Steem Pressure #4 - Need for Speed

From zero to hero

How long does it take to go from 0 to 20,000,000?

Let's check how fast we can resync and replay, because that shows how fast our system can reach the head block.

Of course, that’s not something that measures overall steemd performance. For example, a system that replays faster is not necessarily faster when it comes to serving rpc requests.
The runtime performance of API endpoints is a good topic for another episode.


Video created for Steem Pressure series.

As you may remember from episode #3, I used an entry-level dedicated machine for the purpose of my presentation:
Intel(R) Xeon(R) CPU E3-1245 V2 @ 3.40GHz on an Ivy Bridge with 32GB DDR3 1333MHz RAM and 3x 120GB SSD

Here’s the reference config file that we used back then. We will also use it now (with slight modifications depending on our needs):

p2p-endpoint = 0.0.0.0:2001
seed-node = gtg.steem.house:2001
public-api =
enable-plugin = witness

[log.console_appender.stderr]
stream=std_error

[logger.default]
level=info
appenders=stderr

That’s all that is needed to run a seed node or a witness node.
In this presentation, I continue to use v0.19.2 (with some minor patches, basically something that you will get by checking out stable)
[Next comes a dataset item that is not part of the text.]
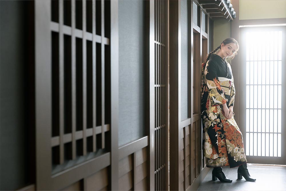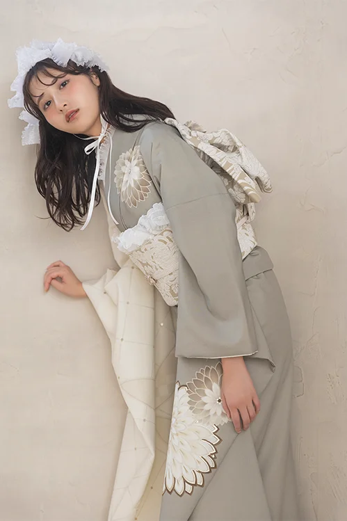 原色ではない、マットな質感の振袖は、ドライフラワーの髪飾りとも相性抜群です 。

In the previous episode, you saw the --resync process:

I was able to sync 20M blocks in slightly less than 9 hours.

resync-on-disk.png
Resync of 20M blocks with state file located on disk: 539 minutes

Currently, block_log takes 110GB, so it’s quite a lot of data to process (and this amount continues to grow).
For the purpose of most of our comparisons, we will use the 20M block as a reference point, because it’s nice and round and, unlike 10M, it contains all HARDFORKs.
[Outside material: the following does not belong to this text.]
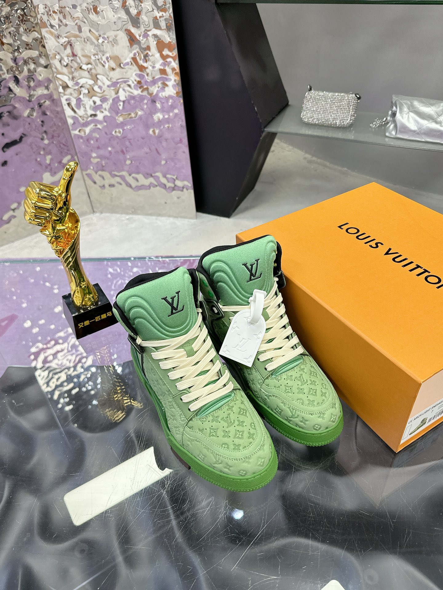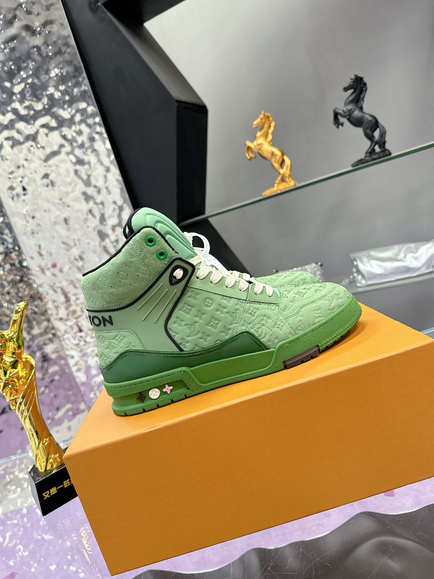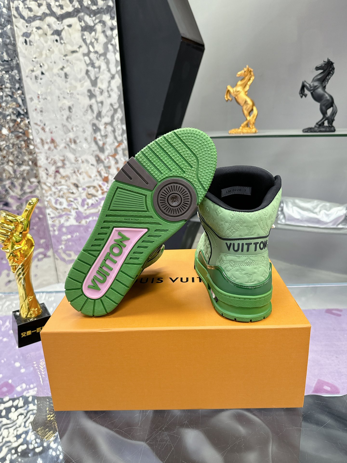 Louis Vuitton Trainer Sneaker Boots ‘Green’ – White & Blue Monogram Denim – 1:1 Replica Quality – LV-SOR22

Once we have our block_log file, either from a previous resync operation, or we’ve downloaded it from a different instance or public source, we can save some time we would otherwise spend on --resync and perform --replay.

What’s the difference?

Resync connects to various p2p nodes in the Steem network and requests blocks from 0 to the head block. It stores them in your block_log file and builds up the current state in the shared memory file. The content of the latter depends on the plugins you use, so for example if you add the account history plugin, you will have to reindex aka replay.
Replay uses the existing block_log to build up the shared memory file up to the highest block stored there, and then it continues with sync, up to the head block.
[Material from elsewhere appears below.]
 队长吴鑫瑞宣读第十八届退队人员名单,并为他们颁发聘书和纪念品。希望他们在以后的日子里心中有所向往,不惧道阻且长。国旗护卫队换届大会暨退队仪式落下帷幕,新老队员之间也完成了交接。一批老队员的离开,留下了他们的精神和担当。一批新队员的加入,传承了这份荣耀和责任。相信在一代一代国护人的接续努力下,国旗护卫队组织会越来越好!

That’s much faster, but operations on both your block_log and your shared_memory.bin without network latency in the meantime cause very intensive I/O workload for your storage.
By default, both files reside in the blockchain directory just below --data-dir, but the shared memory file can be placed elsewhere if you use the shared-file-dir option, preferably on a fast local storage device (low latency is the key) but also on a ramdisk or tmpfs.
Putting it all in RAM is the fastest solution, and you might be tempted to do so, but that’s not a viable option in the long run. Eventually, you will run out of RAM, and that will happen sooner than you think.

Fast local storage

In our setup, we are using Intel 320 Series SSDs

root@pressure:~# hdparm -t /dev/sda

/dev/sda:
 Timing buffered disk reads: 750 MB in  3.00 seconds = 249.74 MB/sec

It’s not a speed monster - on the contrary, that’s a pretty old and slow SSD drive.
It was introduced in early 2011.

According to Intel:

Sequential Read (up to)270 MB/s
Sequential Write (up to)130 MB/s
Random Read (8GB Span) (up to)38000 IOPS
Random Read (100% Span)38000 IOPS
Random Write (8GB Span) (up to)14000 IOPS
Random Write (100% Span)400 IOPS
Latency - Read75 µs
Latency - Write90 µs

It looks poor compared to devices available nowadays, but I have three of them, so let’s make use of what we have
/dev/md3: 273.86GiB raid0 3 devices

root@pressure:~# hdparm -t /dev/md3

/dev/md3:
 Timing buffered disk reads: 2442 MB in  3.00 seconds = 813.81 MB/sec

That’s much better.
We can now check how fast we can --replay, but to do so we need to get a block_log from somewhere, remember?
As a witness, you should have plenty of these (I have one in my pocket).
If you don’t, you have a few other options.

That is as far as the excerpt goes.